- _WHAT TO PRODUCE_: Output exactly, and only, the lines below from the one with "Million Cycle Everflex" down to the one with "The DNA of CSR". Include both end lines and no pictures.

- _RECORDS SUPPLIED_:
******************************

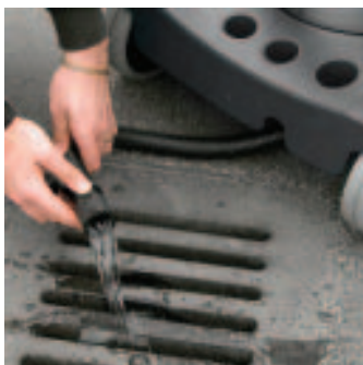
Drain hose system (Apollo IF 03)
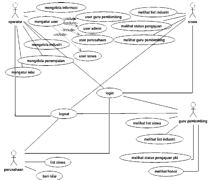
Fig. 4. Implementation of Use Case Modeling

******************************

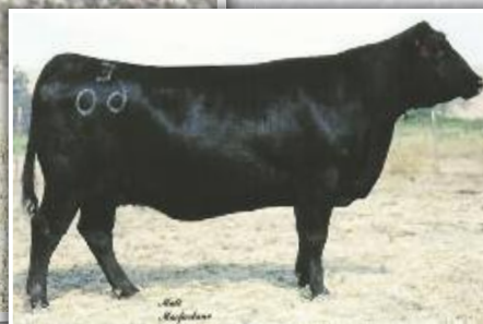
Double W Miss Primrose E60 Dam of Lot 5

******************************

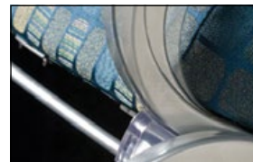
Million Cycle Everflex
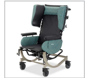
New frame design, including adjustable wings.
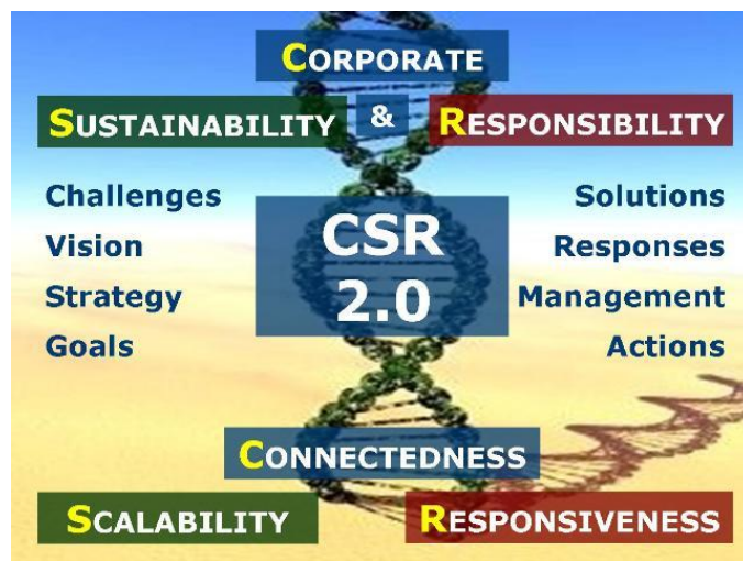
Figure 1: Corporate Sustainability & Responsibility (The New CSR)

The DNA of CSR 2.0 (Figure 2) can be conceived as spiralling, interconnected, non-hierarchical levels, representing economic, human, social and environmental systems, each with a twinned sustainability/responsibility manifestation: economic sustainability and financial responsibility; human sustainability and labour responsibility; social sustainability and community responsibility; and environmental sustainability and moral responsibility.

******************************

- _OUTPUT OF THE EXERCISE_:
Million Cycle Everflex
New frame design, including adjustable wings.
Figure 1: Corporate Sustainability & Responsibility (The New CSR)

The DNA of CSR 2.0 (Figure 2) can be conceived as spiralling, interconnected, non-hierarchical levels, representing economic, human, social and environmental systems, each with a twinned sustainability/responsibility manifestation: economic sustainability and financial responsibility; human sustainability and labour responsibility; social sustainability and community responsibility; and environmental sustainability and moral responsibility.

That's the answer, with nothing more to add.